++++ Supplied information ++++

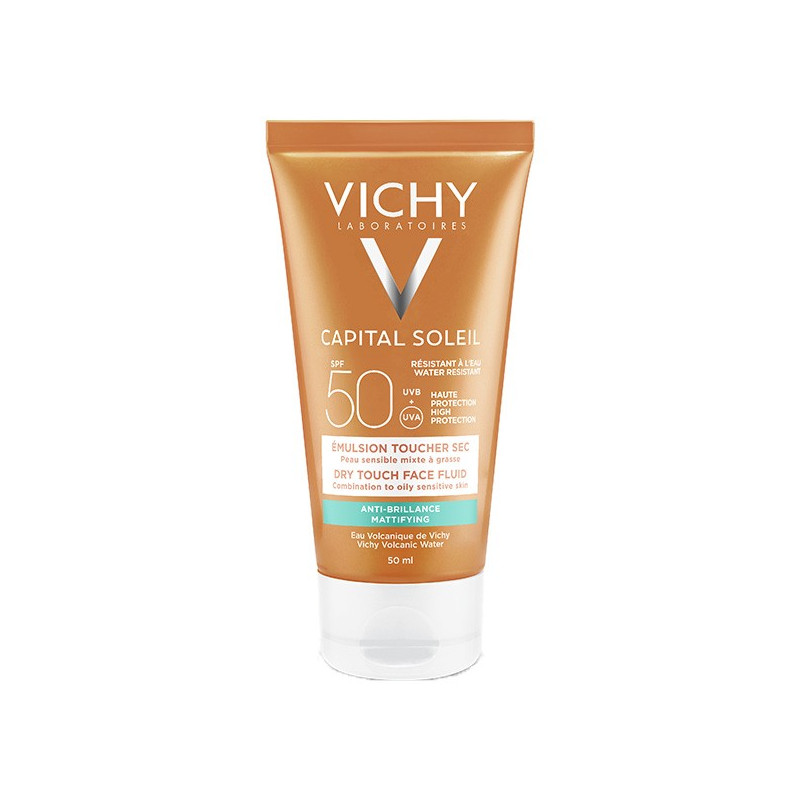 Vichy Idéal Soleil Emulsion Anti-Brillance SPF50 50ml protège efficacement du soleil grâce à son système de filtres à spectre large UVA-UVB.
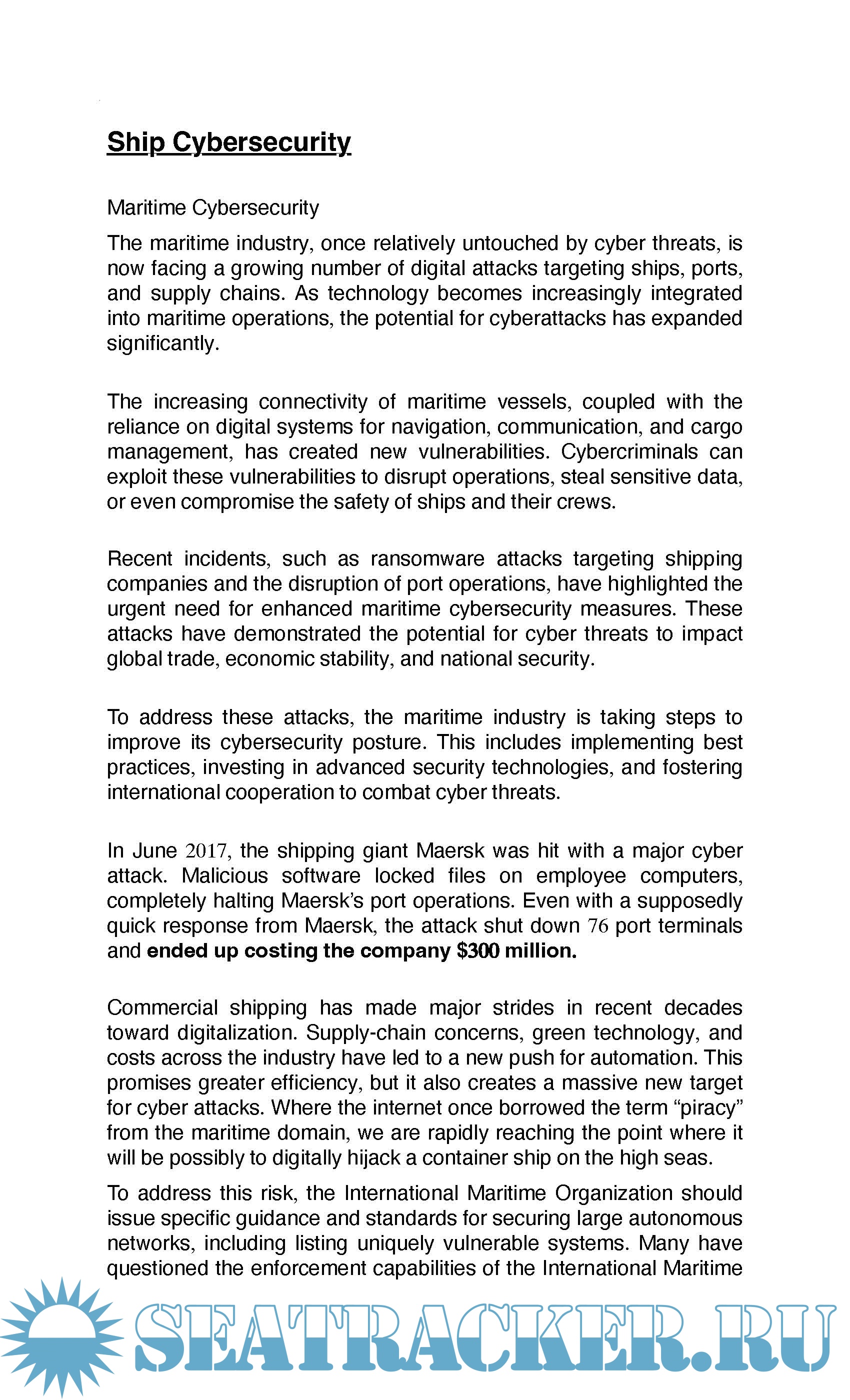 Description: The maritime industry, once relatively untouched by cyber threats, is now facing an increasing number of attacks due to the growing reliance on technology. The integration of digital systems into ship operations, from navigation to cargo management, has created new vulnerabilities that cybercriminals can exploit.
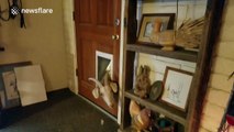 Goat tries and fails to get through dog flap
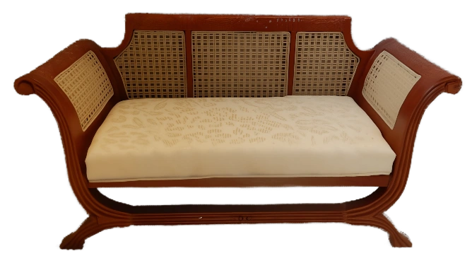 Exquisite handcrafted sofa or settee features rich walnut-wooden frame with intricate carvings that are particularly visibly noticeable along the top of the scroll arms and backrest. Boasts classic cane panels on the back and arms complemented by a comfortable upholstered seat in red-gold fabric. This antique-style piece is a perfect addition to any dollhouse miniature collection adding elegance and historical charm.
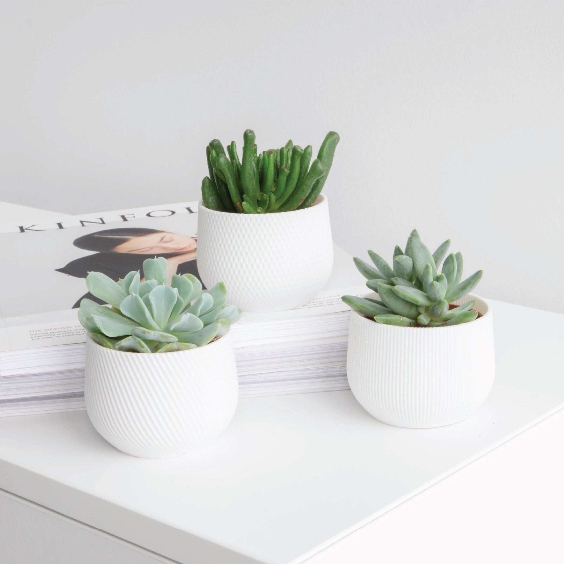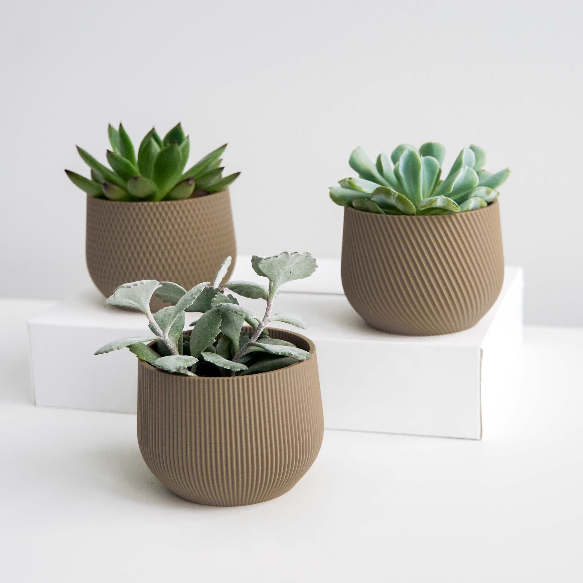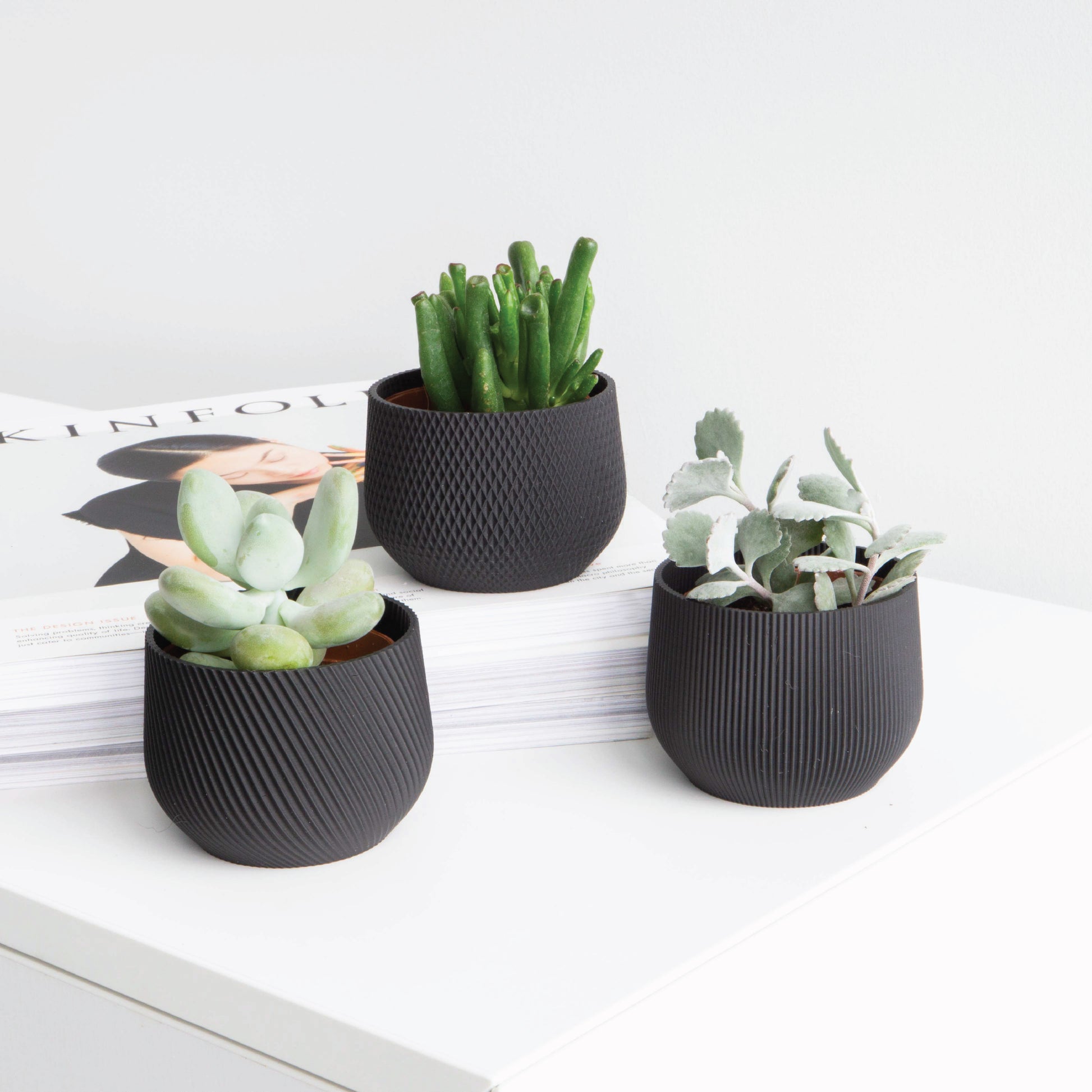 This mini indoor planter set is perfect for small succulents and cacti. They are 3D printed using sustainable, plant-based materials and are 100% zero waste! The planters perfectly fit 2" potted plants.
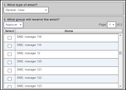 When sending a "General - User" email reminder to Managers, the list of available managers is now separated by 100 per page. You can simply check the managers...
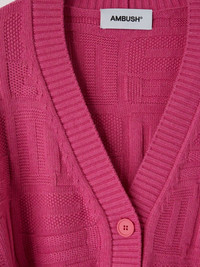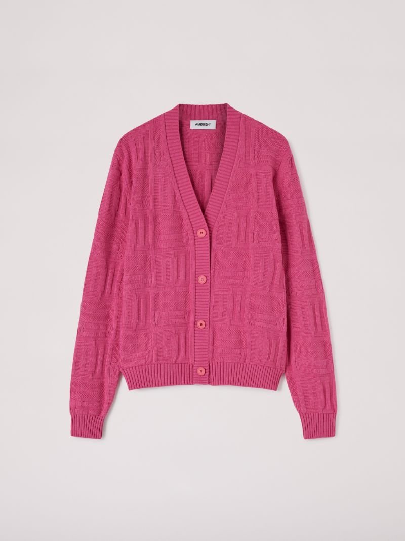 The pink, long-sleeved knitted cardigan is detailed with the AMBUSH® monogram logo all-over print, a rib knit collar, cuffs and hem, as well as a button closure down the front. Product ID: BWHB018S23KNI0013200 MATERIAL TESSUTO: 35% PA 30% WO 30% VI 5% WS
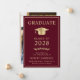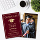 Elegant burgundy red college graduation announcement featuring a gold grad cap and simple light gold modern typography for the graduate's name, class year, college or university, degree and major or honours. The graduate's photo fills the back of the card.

++++

__Task brief__:
What is needed is every line from the one with "The pink, long-sleeved" to the final line of the listing above, set down exactly and with the pictures left out.

__Exercise output__:
 The pink, long-sleeved knitted cardigan is detailed with the AMBUSH® monogram logo all-over print, a rib knit collar, cuffs and hem, as well as a button closure down the front. Product ID: BWHB018S23KNI0013200 MATERIAL TESSUTO: 35% PA 30% WO 30% VI 5% WS
 Elegant burgundy red college graduation announcement featuring a gold grad cap and simple light gold modern typography for the graduate's name, class year, college or university, degree and major or honours. The graduate's photo fills the back of the card.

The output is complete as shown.